The UK government appears to have become the first country to face a high-level inquiry by a United Nations committee, as a result of “grave or systemic violations” of the rights of disabled people.
The committee has the power to launch an inquiry if it receives “reliable information” that such violations have been committed by a country signed up to the UN Convention on the Rights of Persons with Disabilities (UNCRPD) and its optional protocol.These investigations are conducted “confidentially”, so the UN’s Committee on the Rights of Persons with Disabilities (CRPD) – which is carrying out the inquiry – has refused to confirm or deny that the UK is being investigated.
But a recording has emerged [watch from one hour and four minutes] of a former CRPD member revealing that the inquiry has been launched.
Professor Gabor Gombos, co-founder of Voice of Soul, Hungary’s first organisation for ex-users and survivors of mental health institutions, and co-chair of the World Network of Users and Survivors of Psychiatry, tells the audience on the recording that CRPD has “started its first inquiry procedure against the United Kingdom”.
He tells the Sixth International Disability Law Summer School at the National University of Ireland in Galway in June that inquiries are only used where there are suspicions of “grave” violations of human rights in a country.
He says: “Where the issue has been raised and the government did not really make effective actions to fix the situation… it is a very high threshold thing; the violations should really be grave and very systemic.”
Only last month, a new report, Dignity and Opportunity for All: Securing the Rights of Disabled People in the Austerity Era, laid bare the coalition’s failure to meet its international human rights obligations under both UNCRPD and the International Covenant on Economic, Social and Cultural Rights (ICESCR).
That report – published by the Just Fair coalition, which includes Disabled People Against Cuts and Inclusion London – suggested that the UK had gone from being an international leader in disability rights to risking becoming a “systematic violator of these same rights”.

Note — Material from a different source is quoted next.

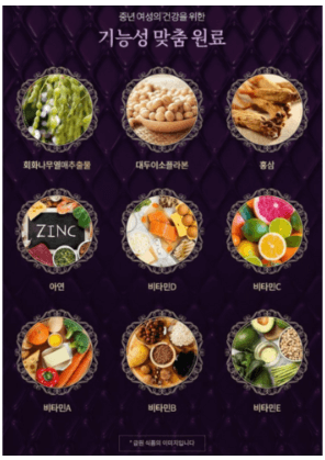 여성은 출산 후 부터 점차 기억력 감퇴 증상이 나오는데 이 제품은 피로 개선과 기억력 개선에 도움을 주는 홍삼과, 폐경 후 떨어지는 면역력을 높일 수 있는 성분과 항산화에 도움을 주는 3종의 원료로 구성되어 있습니다.
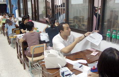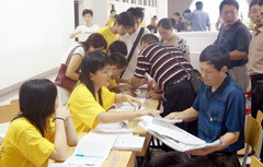 志愿者给家长送来茶水 | ![]() 志愿者给家长指示路线 |

Last week, Disability News Service (DNS) reported that CRPD appeared to have postponed its public examination of how the UK has been implementing the disability convention until after next year’s general election.
Some activists were unhappy that the committee’s decision to postpone the examination would allow the UK government to avoid having to justify a clear regression in disability rights since the 2010 election.
But it now appears that the committee may have taken this decision because it had launched the much more serious – and so far unprecedented – inquiry into the UK’s violation of disabled people’s rights.
A DPAC spokeswoman said: “DPAC is not in a position to comment on the UN inquiry on the UK’s breaches of the UNCRPD, but we would share the view that there have been grave and systematic violations of disabled people’s rights especially, but not exclusively, articles 19 [on living independently and being included in the community] and 28 [on providing an adequate standard of living and social protection].”
Jorge Araya, CRPD’s secretary, told DNS in a statement: “Inquiry proceedings regulated in article six and seven [which relate to the inquiry procedure] of the Optional Protocol to the United Nations Convention on the Rights of Persons with Disabilities, are confidential.
“So, for this very reason, stated in this treaty, I apologise but I cannot respond to your queries.”
So far, the Conservative minister for disabled people, Mark Harper, has failed to comment on the CRPD inquiry.